For anyone who loves to look at those artfully arranged platters of sushi, but feels intimidated by the unidentified offerings, Ichiban co-owner Laura Miller offers a sushi primer.

First, a clarification. Those sliced rolls of sticky rice with centers of vegetables and seafood are not sushi. They're called maki and are a mild choice for first-timers to Pan-Asian cuisine. Some centers contain raw fish, but others have smoked salmon, or cooked shrimp and lobster. Others are vegetarian rolls.

Shrimp is always served cooked, unless it is "sweet shrimp." Clams are always cooked. If the ingredients aren't clear on the menu, just ask your server which rolls are particularly mild or don't contain raw fish.

"Our number-one roll is Lobster Crunch Maki, which has cream cheese, avocado, tempura crunch rolled in rice, then topped with lobster salad. It's topped with a sweet dark sauce," Miller said.

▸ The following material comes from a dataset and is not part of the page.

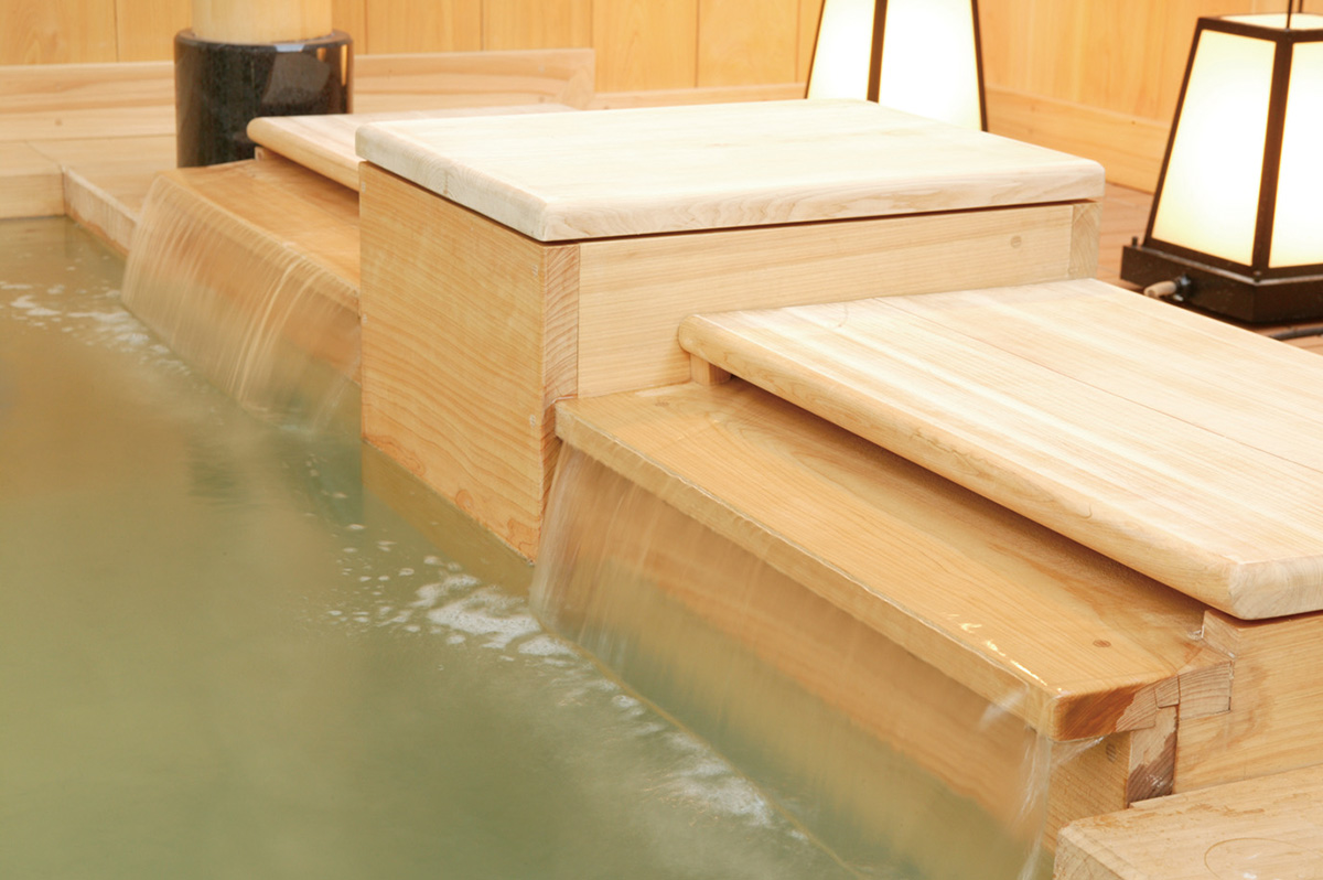 木の香りいっぱいの露天檜風呂。露天風呂も種類豊富

So much for the notion that the requisite fresh ingredients would produce light fare. "Lobster Crunch Maki is definitely an indulgence."

The California roll is a popular choice for first-timers. Rolled in black seaweed paper, the center is a cooked imitation crab stick, cucumber and avocado. It's wrapped in rice bound together with rice wine vinegar. All rolls are cut into six or eight pieces and served with soy sauce spicy green wasabi and pink pickled ginger.

Some other notable maki combinations at Ichiban are Boston maki (lettuce, avocado and smoked salmon), Rainbow maki (avocado, smelt roe, crabstick and five kinds of fish), Philly maki (smoked salmon, cream cheese and cucumbers), and Almost Heaven maki (shrimp blue crab, green onions, spicy mayo and chili pepper.)

Some patrons mix the wasabi into their soy sauce to give the rolls extra bite when dipped in the sauce. Others dab the wasabi directly on their rolls for even more zing. A taste of the ginger between courses cleanses the palate.

Sushi is the next step up from maki. Sushi is molded rice with a thin piece of raw fish on top. The fish in sushi is always raw, but it's not just any fish.

"Sushi is made with 'sushi-grade' fish. It's the best you can get," Miller said. "Our suppliers must be certified that their fish is sushi-grade."

When discussing raw fish consumption, the topic of health and safety naturally comes up. The health department inspects Ichiban's facilities every three months, twice as often as establishments that don't serve sushi, said Miller.